READ MORE: Robina Qureshi: Raid attempt shows Westminster's hostile environment has no place in Glasgow
Can’t they have football celebrations inside football grounds? There are toilets and contained facilities and they KNEW this was going to happen. Why let it be marched and spread through the city while using so many police resources?
Keep it all contained, let all Glasgow teams scream, sing, bang fireworks all inside the stadia and let the club pick up the bill for the clear up. It's highly irresponsible to let the anger and virus spread like a tsunami of sectarian rage throughout the busy city.

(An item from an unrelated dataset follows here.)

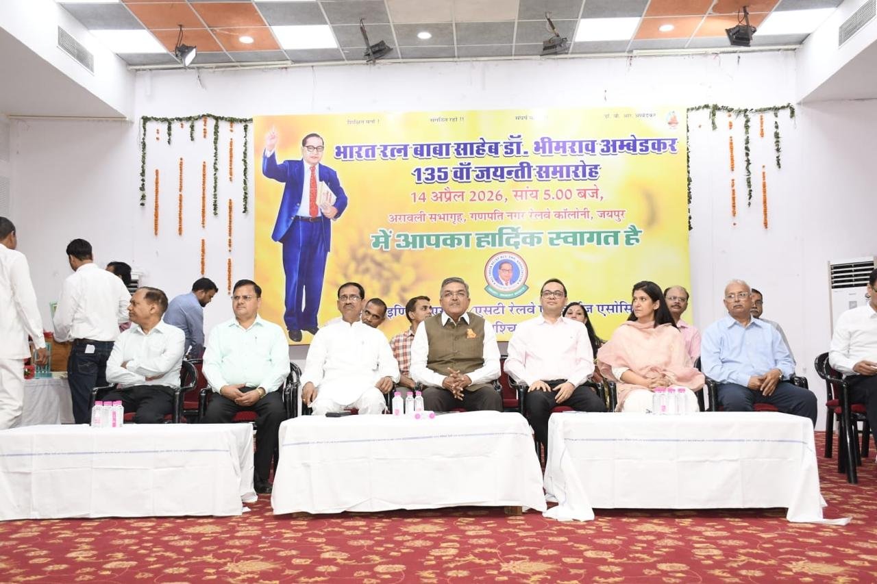 जयपुर-ऑल इंडिया एससी /एसटी रेलवे एम्प्लाइज एसोसिएशन, उत्तर पश्चिम रेलवे के जयपुर मंडल व मुख्यालय के द्वारा दिनांक 14 अप्रैल, 2026 को अरावली सभागृह, गणपति नगर रेलवे कॉलोनी, जयपुर में भारत रत्न बाबा साहेब डॉ. भीमराव अम्बेडकर का 135 वां जयंती समारोह उत्तर पश्चिम रेलवे के महाप्रबंधक श्री अमिताभ के मुख्य आतिथ्य में धूमधाम से मनाया गया। समारोह की अध्यक्षता एसोसिएशन के राष्ट्रीय अध्यक्ष श्री बी एल बैरवा ने की एवं मंडल रेल प्रबंधक श्री रवि कुमार जैन व एसोसिएशन के जोनल अध्यक्ष श्री टी आर मीना विशिष्ट अतिथि के रूप में उपस्थित हुए।समारोह के दौरान सुश्री पार्वती वर्मा व उनकी टीम में रंगारंग सांस्कृतिक कार्यक्रम प्रस्तुत किये एवं महात्मा ज्योतिराव फुले व बाबा साहेब डॉ. अम्बेडकर के जीवन संघर्ष पर एक मनमोहक नाटक प्रस्तुत किया। सांस्कृतिक कार्यक्रम के कलाकारों व नाटक के कलाकारों के बेहतर प्रदर्शन के लिए महाप्रबंधक महोदय ने इक्यावन हजार रुपये के पुरुष्कार देने की घोषणा की तथा एसोसिएशन की जोनल कार्यकारिणी की तरफ से राष्ट्रीय अध्यक्ष ने ग्यारह-ग्यारह हज़ार रुपये के परुष्कार देने की घोषणा की।समारोह में प्रधान कार्यालय के समस्त विभाध्यक्ष व अन्य अधिकारीयों-कर्मचारियों एवं मंडल कार्यालय के समस्त शाखा अधिकारीयों व अन्य शाखा अधिकारीयों-कर्मचारियों ने बढ़चढ़ कर हजारों की संख्या में भाग लिया।श्री राम सिंह राष्ट्रीय ऑडिटर व ज़ोनल अतिरिक्त सचिव, श्री विनोद कुमार मीना जोनल कार्यकारी अध्यक्ष व मंडल सचिव, श्री घासी राम नरेडिया जोनल कोषाध्यक्ष,

People will blame Sturgeon for letting this happen, people will blame the cops for not doing enough, people will blame the Tories for egging them on, on social media. Ultimately the people who used the city as toilet and smashed glass into the streets and flower beds will wake up and blame someone else.
Until we find a solution to containing football celebrations of ALL GLASGOW TEAMS and tackle loud open sectarianism, we will all fail and watch it repeat year after year.